Tuesday, March 20, 2012

Choice, freedom and governance

Choice and being able to make choices are fundamental for freedom. By no means does that freedom have to be wrapped in a democratic style of governance. However we have come to link the two as if one can not live without the other. With all the revolutions in the Middle East we are living through a time where freedom of choice is being expressed by the people. Often these people live in Autocratic societies.
Now, as an outsider, I know that I should have no say in how these people choose to be governed, that is up to them. When I hear leaders (as has Canada’s leader) call for regime change, I feel the bullet of oppression rip through the right to self-determination. I am all for ending the violence in these revolutionized countries but I do not want to support war mongering or anything else that will cause more bloodshed.
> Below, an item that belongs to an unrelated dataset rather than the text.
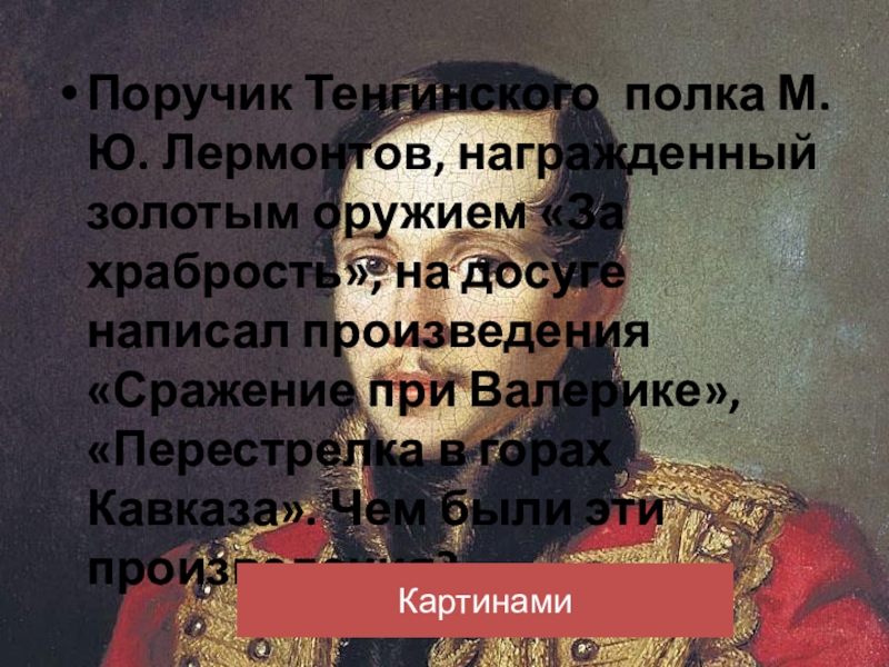 Такими словами напутствовал Николай I поэта, сосланного на Кавказ, 1840г.
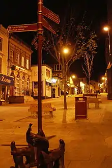 On 7 November 2007, Redruth jointly won (with Luton) the annual UK town centre environment awards, which are run by the BCSC (a retail property consortium).[20] The judges praised the cast bronze 'dogs'[21] and also liked the large amount of work that had been done to the town in terms of landscaping the central area (mainly Fore St & the opeways).

Furthermore I do not want to force a system of government on anyone.
In Syria we have many countries flapping their mouths off about regime change. These same countries are providing support as well in the form of weapons and training. What is really surprising is that the support is given to opposition forces that have very little support amongst the people within Syria. By supporting these opposition forces we are supporting a group that represents a minority seeking power and using force to get that power. This is the very thing the revolution sought to end in the first place.
Over the course of events in Syria I have sided with the plan in which Russia and China have always stated. That being a coalition of leaders meeting with the Syrian government to hammer out a peace plan. Doing this will ensure sovereignty, legitimacy and hopefully a quicker agreement to a ceasefire agreement. At the outset the other three permanent members of the United Nations Security Council have fought those plans, which in the meantime more people of been killed. Somehow the popular perception has it that Russian and China are the ones that have been blocking peace efforts. The fact is opposite.
The people of Syria need to be given the chance to exercise their will to run their own country. That is their right and their freedom. If they want to be ruled by a monarchy or dictator so be it. What ever format they choose to make that choice we must support. Now of course the international community has to abide by international law and human rights. So we can not support a system that selects a leader by shooting each other.
Now to throw even more mud into the mix. The international community may be ethically bound to stop  violent conflicts, legally there are no grounds to do so unless such violence spills into neighbouring countries. This has not happened in Syria. However there are forces outside of Syria going in.
In Syria, the path to peace is to support the people of Syria. That path is through the existing government and a ceasefire agreement with all opposition forces. This is the support in which the international community has always been asked to provide: The support of the current government to uphold the current laws and constitution of the sovereign state.  With that the international community has limited that support if a government is actively killing its own people such as genocides. In such a case regime change is deemed necessary.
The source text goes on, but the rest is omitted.